In the listing below, locate the line containing "黄贵华院长、郭魏检察长在协议上签字" and the line containing "Saya tipo falda". Output both of them and every line between, exactly as written, and nothing more.

Data listing:
= = =

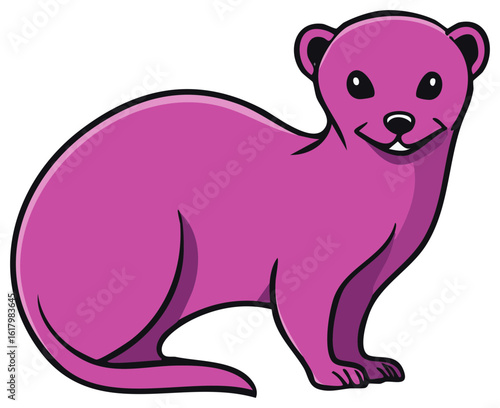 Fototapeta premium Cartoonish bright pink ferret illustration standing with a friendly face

= = =

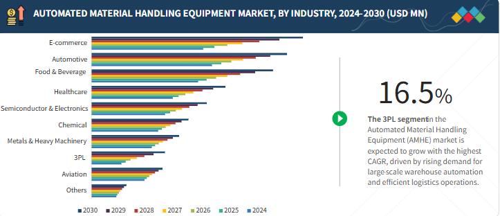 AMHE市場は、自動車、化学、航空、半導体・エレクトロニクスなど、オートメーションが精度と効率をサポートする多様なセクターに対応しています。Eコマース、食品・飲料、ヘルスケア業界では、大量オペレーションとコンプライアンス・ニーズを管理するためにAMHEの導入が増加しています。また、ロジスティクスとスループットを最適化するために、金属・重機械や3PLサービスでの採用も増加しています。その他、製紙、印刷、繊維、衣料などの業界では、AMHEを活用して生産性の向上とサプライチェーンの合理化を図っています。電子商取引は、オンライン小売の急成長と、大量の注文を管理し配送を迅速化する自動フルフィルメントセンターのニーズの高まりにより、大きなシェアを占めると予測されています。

= = =

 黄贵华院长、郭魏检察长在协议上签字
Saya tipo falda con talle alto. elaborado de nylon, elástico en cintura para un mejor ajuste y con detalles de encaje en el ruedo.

= = =

Solution for this task:
 黄贵华院长、郭魏检察长在协议上签字
Saya tipo falda con talle alto. elaborado de nylon, elástico en cintura para un mejor ajuste y con detalles de encaje en el ruedo.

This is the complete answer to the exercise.